The answer is ｢YES｣ Let p(1)＜...＜p(1990) are prime numbers and S=p(1)+...＋p(1990).Consider the 1990 numbers S!+p(1),...,S!+p(1990).Let's proof that these numbers are satisfied the conditions. ①pairwise coprime If ∃a（≧2） s.t. a|S!+p(i) , a|S!+p(j) (i＜j).a|p(j)-p(i) so a＜p(j).Then a|S! and so a|p(i),p(j).This is contradiction. ②sum of some numbers is composite Let consider k（≧2） numbers S!+p(i)...S!+p(j).Sum of these numbers is k･S!+p(i)+...＋p(j).This sum is divisible by 2≦a=p(i)+...＋p(j)≦S. The proof is completed.

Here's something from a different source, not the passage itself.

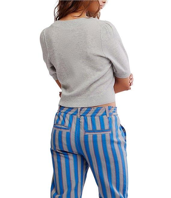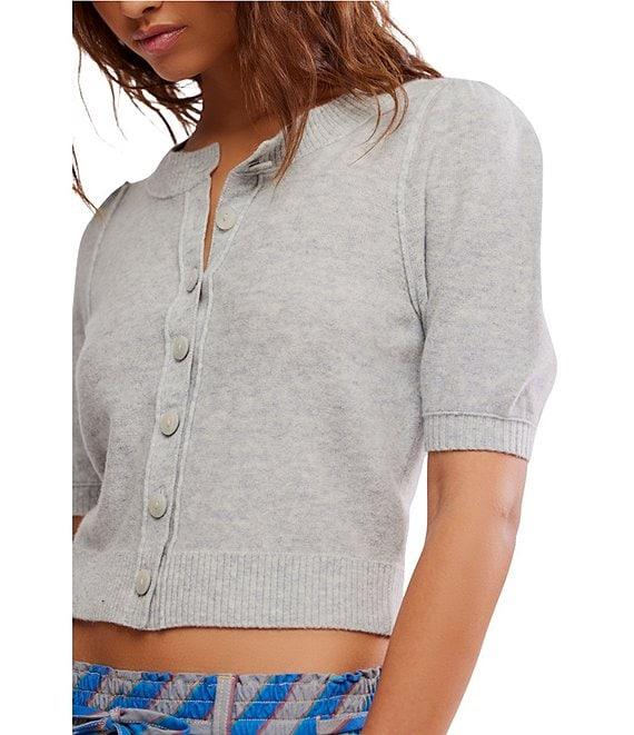 Free People Isla Crew Wool Blend Neck Short Puff Sleeve Button Front Cardigan

The answer is yes. Let the prime numbers which are less than $1990$ be $2=p_1 < 3=p_2 < ... < p_n$. Let $a_i \equiv 1\pmod{p_j}$ for all $1\leq i \leq 1990$ and $1\leq j \leq n$. We know such $a_i$ 's exist because of the Chinese Remainder Theorem. So $a_i \equiv 1\pmod{p_1p_2...p_n}$ for all $1\leq i \leq 1990$. And also it is clear that we can select the $a_i$ 's such that they are all coprime and this sequence satisfies the condition above.